# Remembering Bailey



## Debles (Sep 6, 2007)

Bailey was very beautiful. I know exactly how you are feeling. We miss them so much.


----------



## Jackson'sMom (Oct 13, 2007)

Bailey was certainly a beautiful girl. We never fully recover from their passing.


----------



## paula bedard (Feb 5, 2008)

She was certainly a happy girl, you can see it in her eyes. I hope she's met up with my Sam. He'll have been gone 2 years on Jan 8th. I know exactly what you're feeling. As hard as the loss is, the thought of never having had Sam in my life is much worse. I hope her memory comforted you today.


----------



## Penny & Maggie's Mom (Oct 4, 2007)

What a beauty. Thank you for sharing your special girl with us today.... I hope you find comfort in thinking of her and all she means to you. What a blessing to have such a special friend.


----------



## ggdenny (Nov 2, 2008)

O, Bailey was such a beautiful girl. I just know she was a sweetheart and loved. In my thoughts.


----------



## magiclover (Apr 22, 2008)

Such a beautiful girl. Thank you for sharing her with us.


----------



## Angel_Kody (Feb 27, 2007)

The anniversaries are always tough. Thinking of you and your sweet angel Bailey today. She was a beautiful girl.


----------



## GoldenJoyx'stwo (Feb 25, 2007)

Thinking of you and Bailey...


----------



## 3 goldens (Sep 30, 2005)

*such a beautilful girl. You are right...we never have them long enough. And we never stop loving them no matter how long they have been gone.*


----------



## sharlin (Feb 26, 2007)

Play Hard Sweet Girl~Godspeed & Love


----------



## BeauShel (May 20, 2007)

She was such a pretty and happy girl and thank you for sharing her with all of us on the anniversary.


----------



## For the Love of Goldens (Dec 11, 2006)

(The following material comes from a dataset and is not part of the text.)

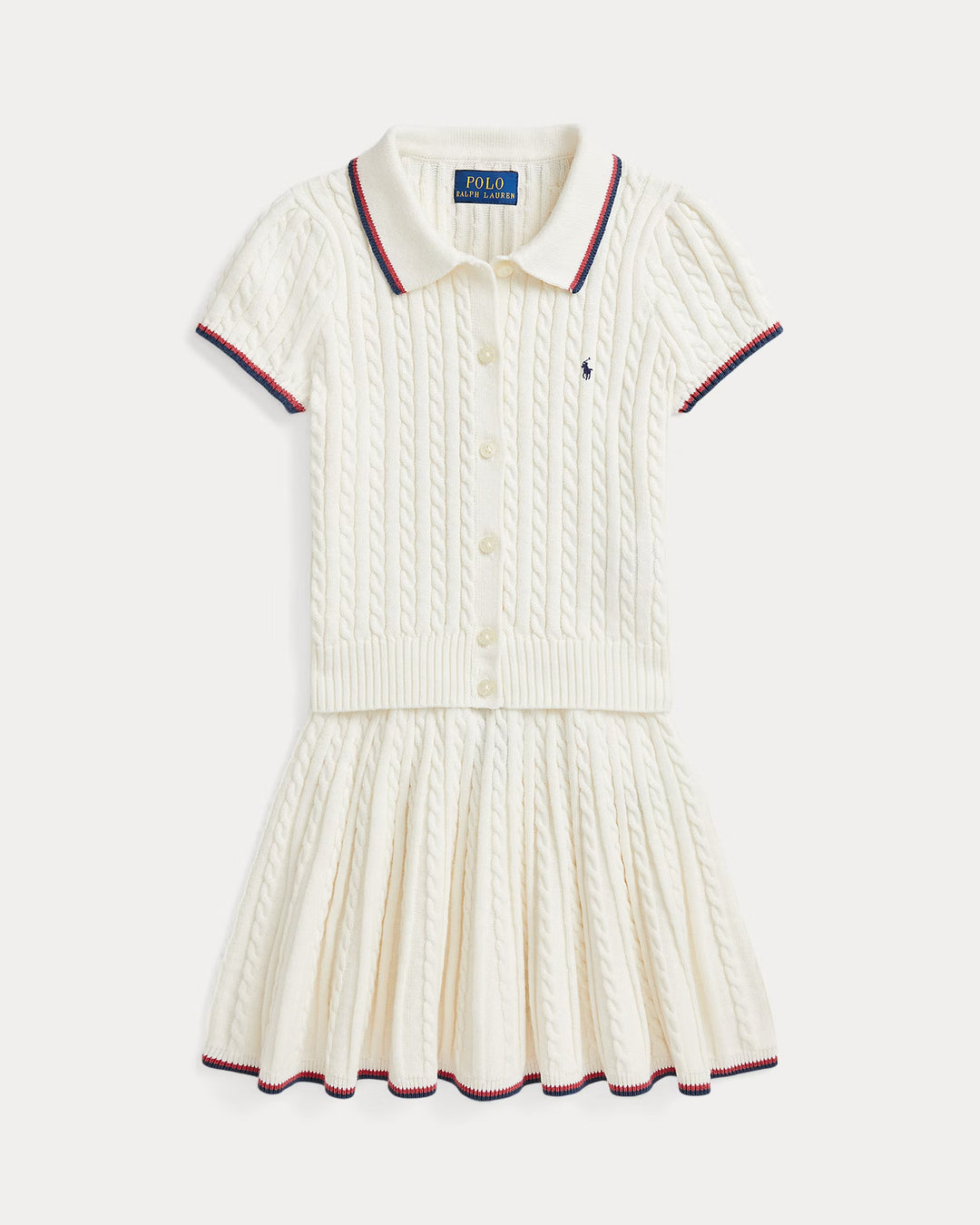 Ralph Lauren Mini-Cable Cotton Cardigan & Skirt Set

What a sweet looking girl. It's never easy when we loose them. Hold on to your happy memories that make you smile when you think of her.


----------



## Hudson (May 18, 2005)

Thankyou for sharing pictures of your beautiful girl Bailey , what great photos!Thinking of you today as you remember Bailey's life.


----------



## goldensmum (Oct 23, 2007)

Bailey was a beautiful girl -- i am sure you remember her every day, anniversaries are always difficult.

Remember Bailey with a smile and love in you heart

Run free, play hard and sleep softly Bailey


----------



## TwoGoldens (Feb 8, 2008)

*Thanks*

Thanks to everyone for the kinds words----it means a lot to know others know how you feel. 
Special Thanks to "Sharlin" The picture is beautiful and brought tears to my eyes. Thank you!!


----------



## maggie1951 (Apr 20, 2007)

Bailey was a beautful girl they sure do leave a big hole in your heart.


----------



## IloveGQ (Nov 15, 2008)

Wow - the bottom pic looks a lot like my G - It will be 2 weeks tomorrow since G passed- I know all too well how you feel.....so sorry for you losing Bailey...

Although the pain sucks, Im glad we all remember the sweet gentle souls of our goldens....2 weeks, 2 years, 10 years - I hope I never ever forget G.....


----------